In effetti, i bambini della mia generazione imparavano in breve tempo e a loro spese che, ogniqualvolta combinavano qualcosa che non trovava la piena approvazione della madre, la fatale conseguenza sarebbe stata uno scapaccione diretto e immediato: il segnale “fisico” di disapprovazione rientrava all’interno del programma educativo genitoriale. Il carattere coerente e costante di una tale punizione era quello dell’immediatezza. Poi, in un secondo momento, se ne sarebbe parlato e, dopo la dettagliata accusa e la necessaria difesa, ci veniva comminata la giusta sanzione (a letto prima di Carosello!).
Al di là della modalità brusca legata al contesto storico, i due momenti distinti, del rimprovero e del “castigo”, erano per noi molto chiari: la punizione legata al rimprovero calava immediata come un fulmine a ciel sereno a sottolineare la disapprovazione per la scorrettezza della nostra azione, mentre il castigo era qualcosa che veniva in un secondo momento, a bocce ferme.
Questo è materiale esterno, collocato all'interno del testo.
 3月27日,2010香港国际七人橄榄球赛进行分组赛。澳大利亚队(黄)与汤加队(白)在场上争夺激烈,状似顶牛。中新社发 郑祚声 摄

La domanda sorge allora spontanea: quali potranno essere, nelle nostre scuole, le punizioni veramente efficaci se le sanzioni che comminiamo raggiungono il ragazzo solamente dopo giorni e anche settimane o mesi dal momento in cui è avvenuto il fatto? Naturalmente non sto parlando di punizioni corporali, ci mancherebbe, ma ciò non toglie che dobbiamo interrogarci sulle modalità più efficaci per aiutare i ragazzi a riconoscere e modificare i comportamenti non accettabili. La nostra azione deve infatti rivestire prima di tutto caratteri educativi. Anche le stesse note sul libretto o sul registro non esprimono una punizione in sé, ma piuttosto la memoria di un fatto nell’attesa di una sanzione che verrà. E la sanzione verrà, dopo aver convocato il consiglio di classe, ben oltre i 10 secondi.
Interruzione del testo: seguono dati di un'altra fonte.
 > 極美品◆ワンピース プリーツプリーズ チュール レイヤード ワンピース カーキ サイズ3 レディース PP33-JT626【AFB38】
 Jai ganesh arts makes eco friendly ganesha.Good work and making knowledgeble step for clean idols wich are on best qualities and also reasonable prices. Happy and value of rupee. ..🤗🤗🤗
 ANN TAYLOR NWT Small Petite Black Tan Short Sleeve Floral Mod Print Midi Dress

La sfida diventa allora quella di riuscire a contemperare efficacemente il fine educativo del rimprovero con il fine riparatorio ed esemplare della sanzione in seguito a un comportamento antisociale.
Ribadendo che l’immediatezza del giudizio è la chiave per ottenere la disciplina, Il prof. Barkley ci offre alcuni suggerimenti al riguardo: per esempio, i richiami diretti e privati, oppure il far eseguire un compito in un banco in fondo all’aula dove l’alunno racconta quello che ha fatto di sbagliato e si dà una valutazione, oppure scrive una serie di motivazioni in base alle quali non deve mettere in atto quel determinato comportamento. Nei casi più gravi, l’alunno viene sospeso seduta stante dalle attività della classe e condotto in un luogo di “raffreddamento”, da definire preventivamente.
Ma, ha aggiunto il prof. Barkley, tutto questo deve avvenire all’interno di un sistema di insegnamento basato su incentivi, dove il rapporto tra premi assegnati e punizioni inflitte sia almeno di 2:1. Barkley suggerisce di aumentare le lodi in caso di comportamenti corretti, mostrare apprezzamento nei momenti di buon lavoro della classe o nei confronti di chi si comporta bene; adottare un sistema di gettoni o di punti da incrementare in caso di performances positive o da decrementare in caso di negative; introdurre lavori di gruppo con le relative premiazioni; organizzare le attività della classe in modo da consentire un frequente accumulo di premi; usare una tabella di rilevazione quotidiana dove registrare i punteggi per esempio sulla partecipazione in classe, l’esecuzione dei compiti in classe, il rispetto delle regole della classe, l’accordo e la collaborazione con i compagni, l’esecuzione dei compiti a casa.
Sono indicazioni di cui far tesoro, sicuramente da adattare alle singole realtà anche rispetto all’età dei ragazzi e al tipo di responsabilità loro richiesta, ma preziose in quanto ci aiutano a tener conto e ad approfondire alcuni meccanismi di risposta che non sempre ci sono noti. Una riflessione al riguardo sarà indispensabile anche a livello di Consiglio di Istituto nel momento della elaborazione del nuovo Regolamento di Disciplina.